Alien: Earth is a welcome addition to the franchise with fascinating new characters and plenty of xenomorph action. There is lots of gore and impressive visuals to keep you glued. My only real gripe is some of the music choices which are jarring, but aside from that this is quality fare.

Plot: When the mysterious deep space research vessel USCSS Maginot crash-lands on Earth, “Wendy” (Sydney Chandler) and a ragtag group of tactical soldiers make a fateful discovery that puts them face-to-face with the planet’s greatest threat. FX’s Alien: Earth is created for television and executive produced by Noah Hawley.

Review: I’ve been curious to how you can make a series set in the Alien universe interesting. I figured it would be slowburn and it would be a few episodes before we actually get to see the Xenomorphs, but thankfully creator Noah Hawley knows what we’re here to see and they show up in the first three episodes doing what they do best.

Alien: Earth captures the look and feel of the movies especially with the set design; the ship in the first episode is designed like the Nostromo and it even has flashes of the original theme tune as well. The only aspect I don’t love is the addition of songs during some episodes and the end credits. It feels out of place in this universe and is just something that plagues practically every single American TV show.

Aside from that this is well paced with some creepy moments, gore and spectacular visuals. We are in a golden age just now where sometimes I don’t think we appreciate just how we’ve come on in terms of technology where we can get a TV series with production values like this.

The performances are all first rate with Sydney Chandler in a star making role as the synthetic Wendy; she was a terminally ill young girl called Marcy whose consciousness is transferred into this new body, so despite looking like an adult she behaves like a child. This works surprisingly well and the other kids who go through the procedure struggle with their new “lives”.

Timothy Olyphant makes everything better and as always he’s magnetic any time he’s on screen as the mysterious Kirsh.
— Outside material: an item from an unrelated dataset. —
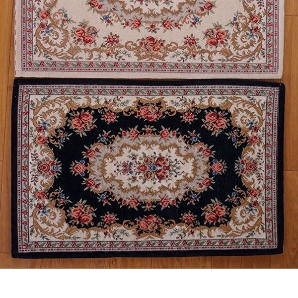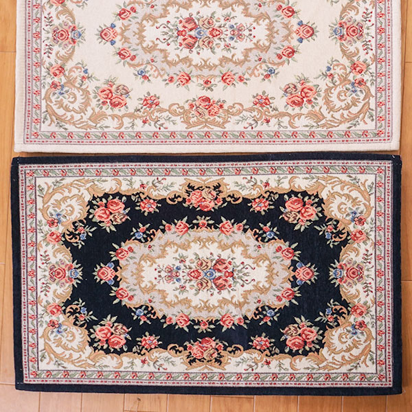 シェニール織ローズマット60*90cm:ネイビー【裏ゴム付き】

Babou Ceesay is also quite unhinged as Morrow who is one of the main villains of the show.

Episode 4 is a little slow and kills the pacing a bit, but otherwise Alien: Earth is a welcome addition to the franchise. The Xenomorphs aren’t the only alien threat with something called The Eye one of the grossest things you’ll ever see.

On the action front we get some shoot-outs and battles against the xenomorphs, but this goes more for the sci-fi horror of Alien rather than the action of Aliens.

Overall, Alien: Earth captures the spirit of the first Alien with a barnstorming first 3 episodes and then the pacing slows a little; however, it’s never boring and the acting is faultless with enough gore and squirm inducing moments to keep things moving.

FX’s “Alien: Earth” premieres with two episodes on Tuesday, August 12 at 8pm ET on FX and on Disney+ in Canada.